There will be those who say that we “cannot afford to do this”.
We say, “how can we afford not to?” If we accept the universal
and compulsory requirement that all children up to the age of 16
be in school, why do we break from that principle of universal
care, nurturing and protection in relation to their meals during the
school day? We think it absurd that children are not provided with
adequate shelter, heating, drinking water and sanitary provision
whilst in school. Why take a different approach to the equally
essential elements of learning materials and food? The evidence
of better concentration, behaviour and learning when properly
nourished is irrefutable. Breakfast clubs already operate with
considerable success in various places. Universal provision
matches the ethos and aspiration of our education system.

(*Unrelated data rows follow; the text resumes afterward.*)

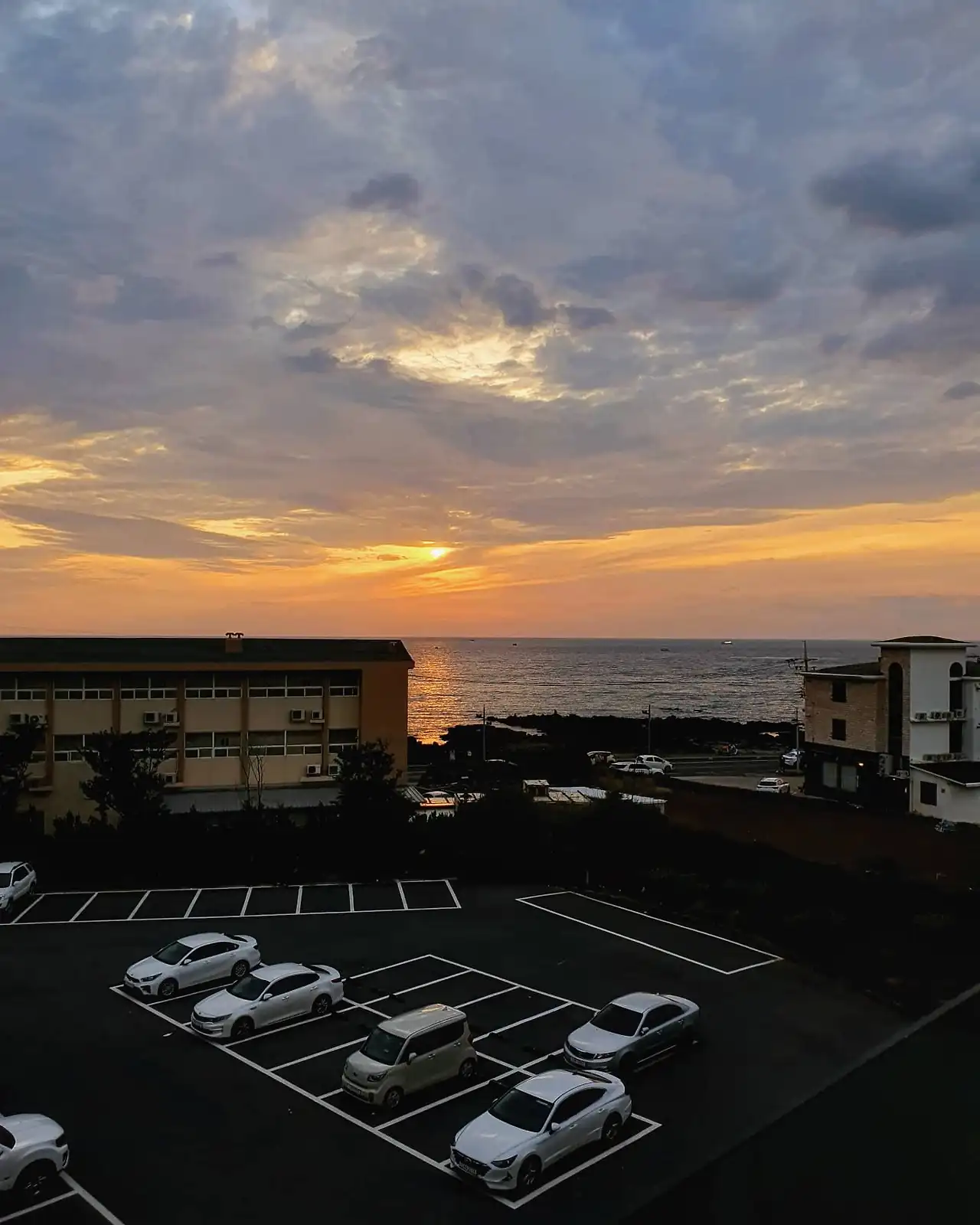 호텔 객실 발코니에서 바라 본 도두해안도로 앞에 펼쳐진 해질녘 풍경~
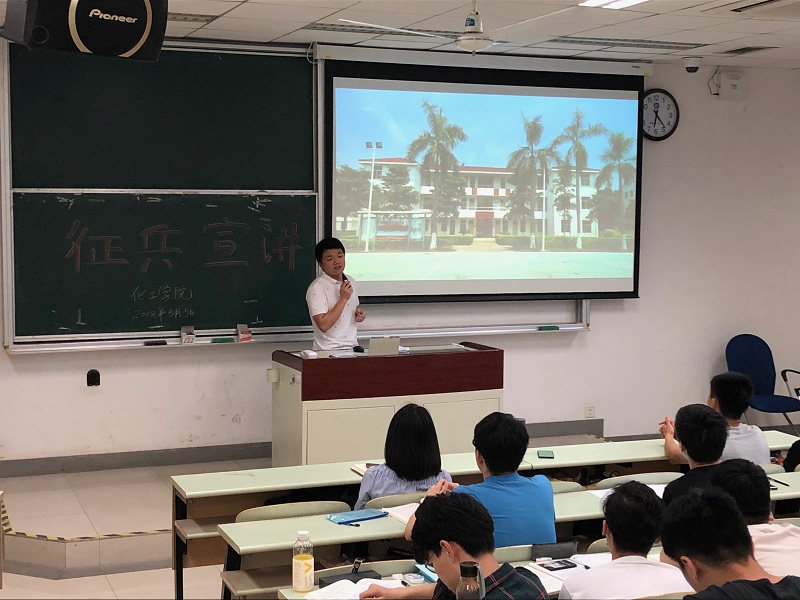 其次,16级翁新龙同学分享了自己的参军体会,他说:“年轻就是有无限的可能。”他始终坚持着当年选择当兵的初心,因为既然选择来当兵,那么说什么也得坚持,不为别人,就为成为更好的自己,并且两年来自己也是在为之不懈努力,他质朴的话语和坚定的信念也激励了现场很多想参军,想要报效祖国的同学。他建议同学们,部队生活让人生经历更加丰富,要自己亲身经历才能知道其中的奥义,“欲戴皇冠,必承其重”,是男儿就要去当兵,做军人就要勇争先,将荣誉高高举过头顶!
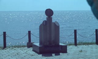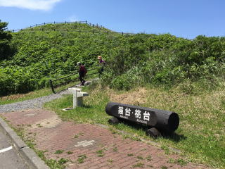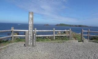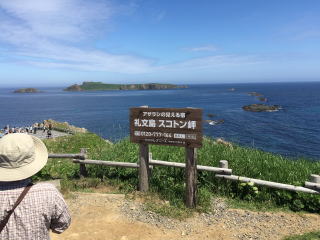 | 最北限の地スコトン岬の標柱があり、沖には、通称トド島という無人島が見えた。 かつては、トドもいたようだ。 その先に、運が良ければサハリンも見えるようだが、こんなに晴れていても、そこまでは見えなかった。 |

It
further avoids the bureaucracy and stigma of means-testing our
school-age children.
o 2. Community Kitchens:
A great deal of wasted resource and potential stems from the
segmented and outsourced nature of so many public services. If
school kitchens become an engine of better nutrition for our kids
during the day, why should they not be equally well utilised during
evenings, weekends and school holidays? There should be a legal
framework of duties, shared by national, and local government as
well as state funded schools themselves, to provide “community
kitchens” that provide dining clubs and “meals-on-wheels” for the
elderly and vulnerable, school holiday meals for those most in
need and cookery clubs and lessons for the wider community. This
policy might be as powerful a tool in tackling loneliness and social
isolation as in tackling food poverty and obesity in our nations.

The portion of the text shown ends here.